■ WORK TO BE COMPLETED
Repeat the data exactly. Pictures are not part of the copy.

Data records
----
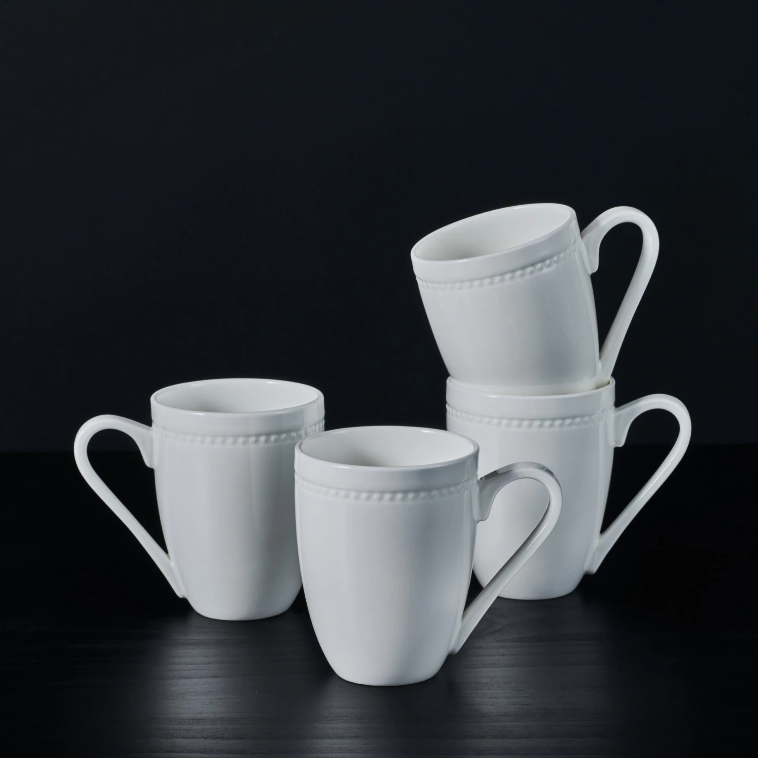 This Loria Set of 4 Mugs feature a pristine white background with a simplistic embossed bead design wrapping around the rim, and will add a touch of style to your table.
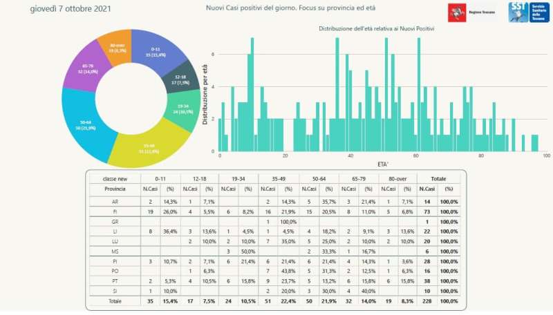 L'età media dei 228 nuovi positivi odierni è di 44 anni circa (24% ha meno di 20 anni, 18% tra 20 e 39 anni, 29% tra 40 e 59 anni, 21% tra 60 e 79 anni, 8% ha 80 anni o più).
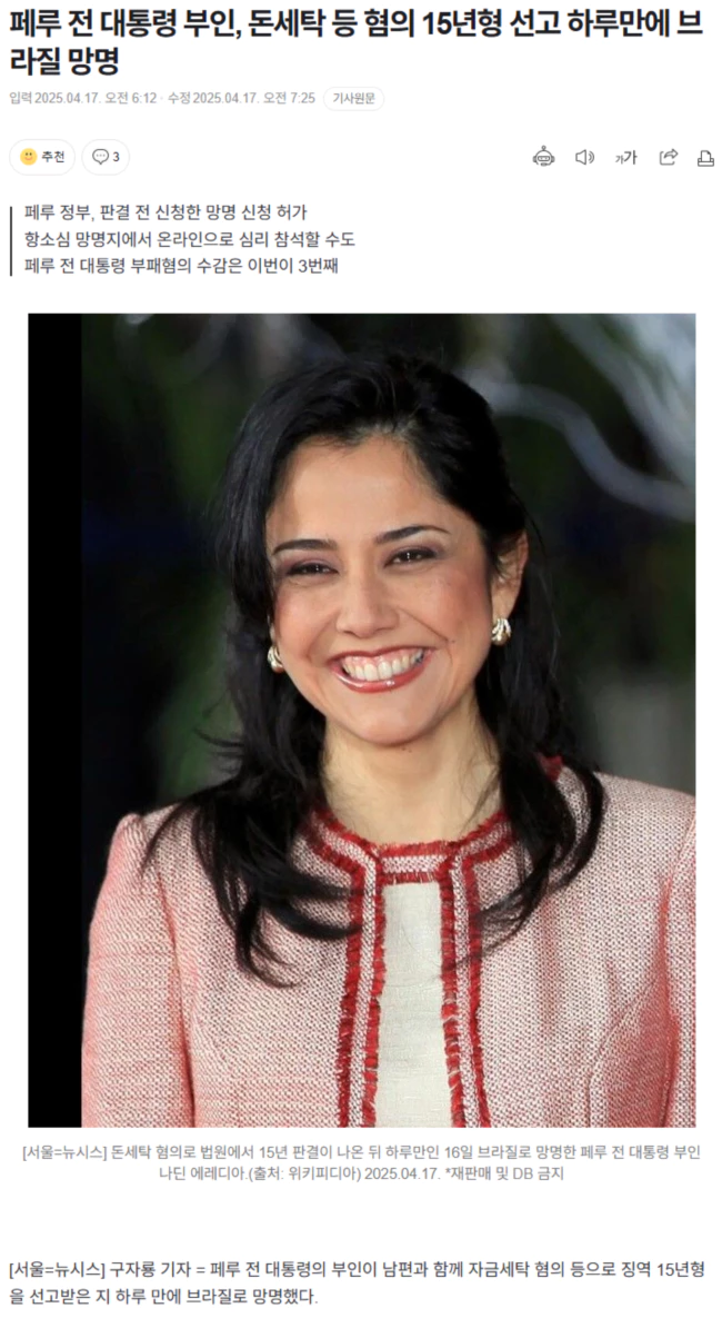 페루 전 대통령 부인, 돈세탁 등 혐의 15년형 선고 하루만에 브라질 망명
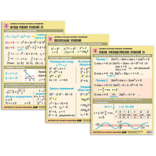Комплект таблиц «Алгебра и начала анализа. Уравнения» (10 табл., формат А1, лам)
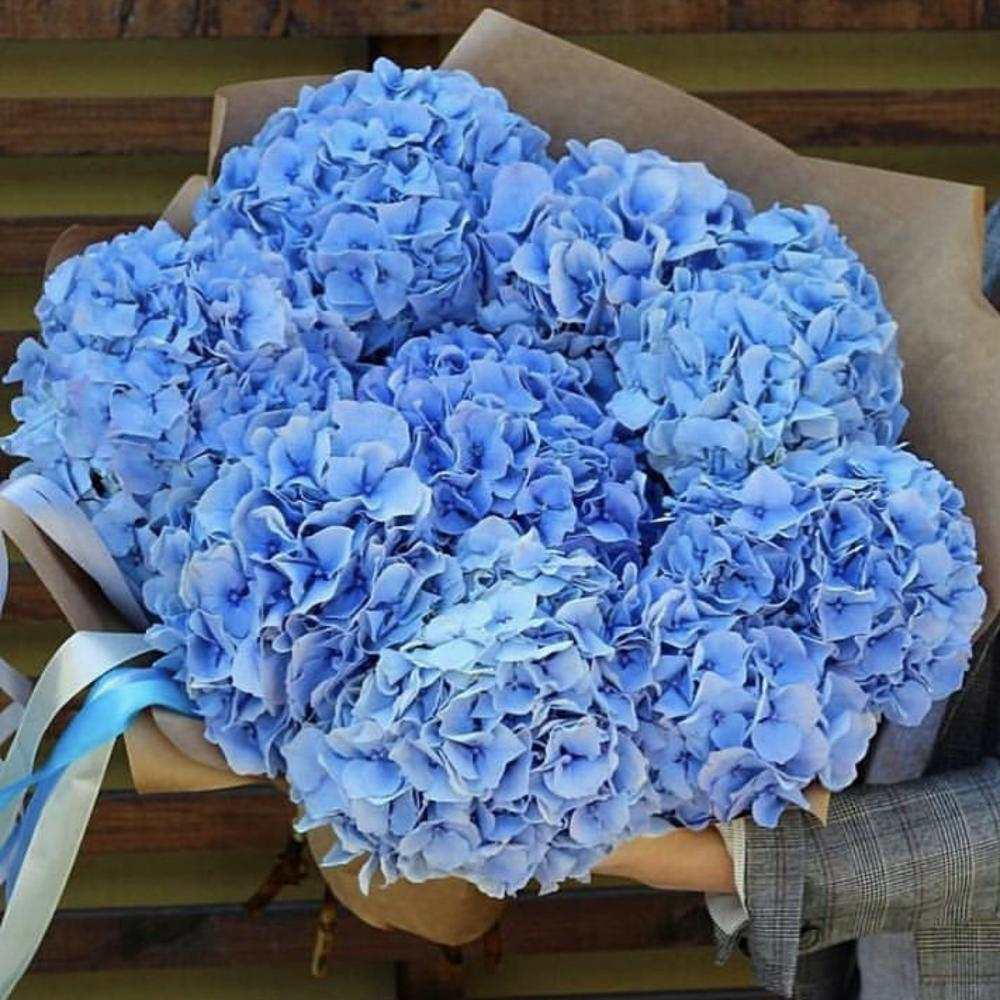 Гортензия синяя – 9 шт.Упаковка – 1 шт.Лента атласная – 1 шт.
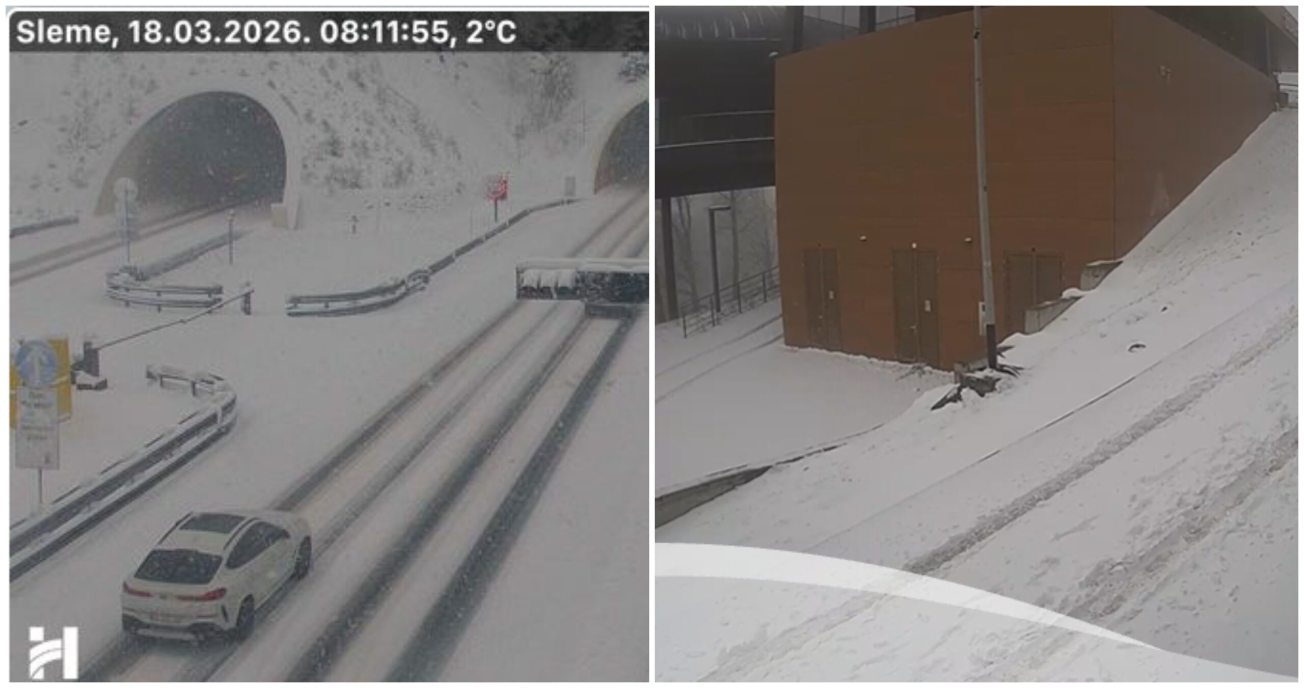 Zima je pokazala zube i podsjetila da je ona još uvijek tu unatoč prekrasnim sunčanim danima u kojima smo uživali. Vrh Medvednice Sljeme se bijeli, baš kao i drugi dijelovi zemlje, zbog čega je Hrvatski autoklub izdao upozorenj na stanje u prometu diljem zemlje, navodeći kako su kolnici mokri i skliski te da su u pojedinim cestama zimski uvjeti.
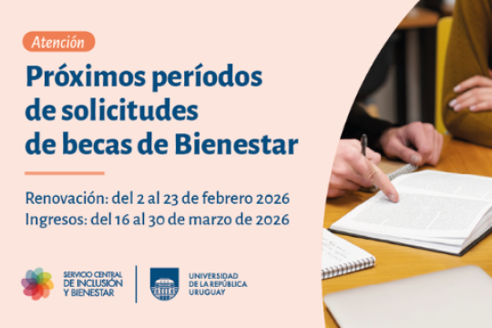 El Programa Becas está dirigido a estudiantes de la Udelar de todo el país que presentan vulnerabilidades socioeconómicas, familiares, sociales, personales, para iniciar o mantenerse en el sistema universitario.
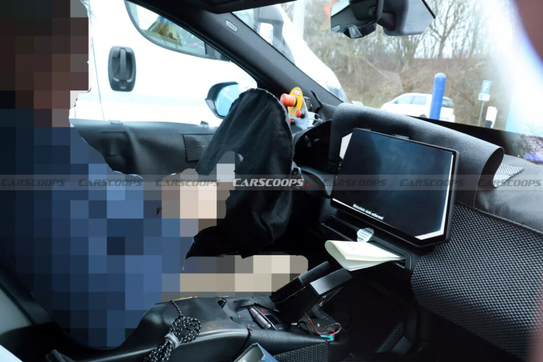 У салоні — Panoramic iDrive: дисплей від стійки до стійки в основі лобового скла плюс окремий великий екран (ймовірно, близько 17,9″). Центральна консоль і органи керування нагадують iX3, а на дзеркалі заднього виду помітна камера.
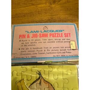 This vintage Lami-Lacquer Pin & Jigsaw Puzzle Set featuring a charming Kewpie design is a delightful find! Made in Hong Kong by Shackman, this set is a nostalgic treasure. The set appears to be in good condition for its age. Perfect for collectors or anyone who appreciates vintage toys and puzzles. Add a touch of retro fun to your collection with this unique Kewpie set!
----
■ RESPONSE BELOW
 This Loria Set of 4 Mugs feature a pristine white background with a simplistic embossed bead design wrapping around the rim, and will add a touch of style to your table.
 L'età media dei 228 nuovi positivi odierni è di 44 anni circa (24% ha meno di 20 anni, 18% tra 20 e 39 anni, 29% tra 40 e 59 anni, 21% tra 60 e 79 anni, 8% ha 80 anni o più).
 페루 전 대통령 부인, 돈세탁 등 혐의 15년형 선고 하루만에 브라질 망명
Комплект таблиц «Алгебра и начала анализа. Уравнения» (10 табл., формат А1, лам)
 Гортензия синяя – 9 шт.Упаковка – 1 шт.Лента атласная – 1 шт.
 Zima je pokazala zube i podsjetila da je ona još uvijek tu unatoč prekrasnim sunčanim danima u kojima smo uživali. Vrh Medvednice Sljeme se bijeli, baš kao i drugi dijelovi zemlje, zbog čega je Hrvatski autoklub izdao upozorenj na stanje u prometu diljem zemlje, navodeći kako su kolnici mokri i skliski te da su u pojedinim cestama zimski uvjeti.
 El Programa Becas está dirigido a estudiantes de la Udelar de todo el país que presentan vulnerabilidades socioeconómicas, familiares, sociales, personales, para iniciar o mantenerse en el sistema universitario.
 У салоні — Panoramic iDrive: дисплей від стійки до стійки в основі лобового скла плюс окремий великий екран (ймовірно, близько 17,9″). Центральна консоль і органи керування нагадують iX3, а на дзеркалі заднього виду помітна камера.
 This vintage Lami-Lacquer Pin & Jigsaw Puzzle Set featuring a charming Kewpie design is a delightful find! Made in Hong Kong by Shackman, this set is a nostalgic treasure. The set appears to be in good condition for its age. Perfect for collectors or anyone who appreciates vintage toys and puzzles. Add a touch of retro fun to your collection with this unique Kewpie set!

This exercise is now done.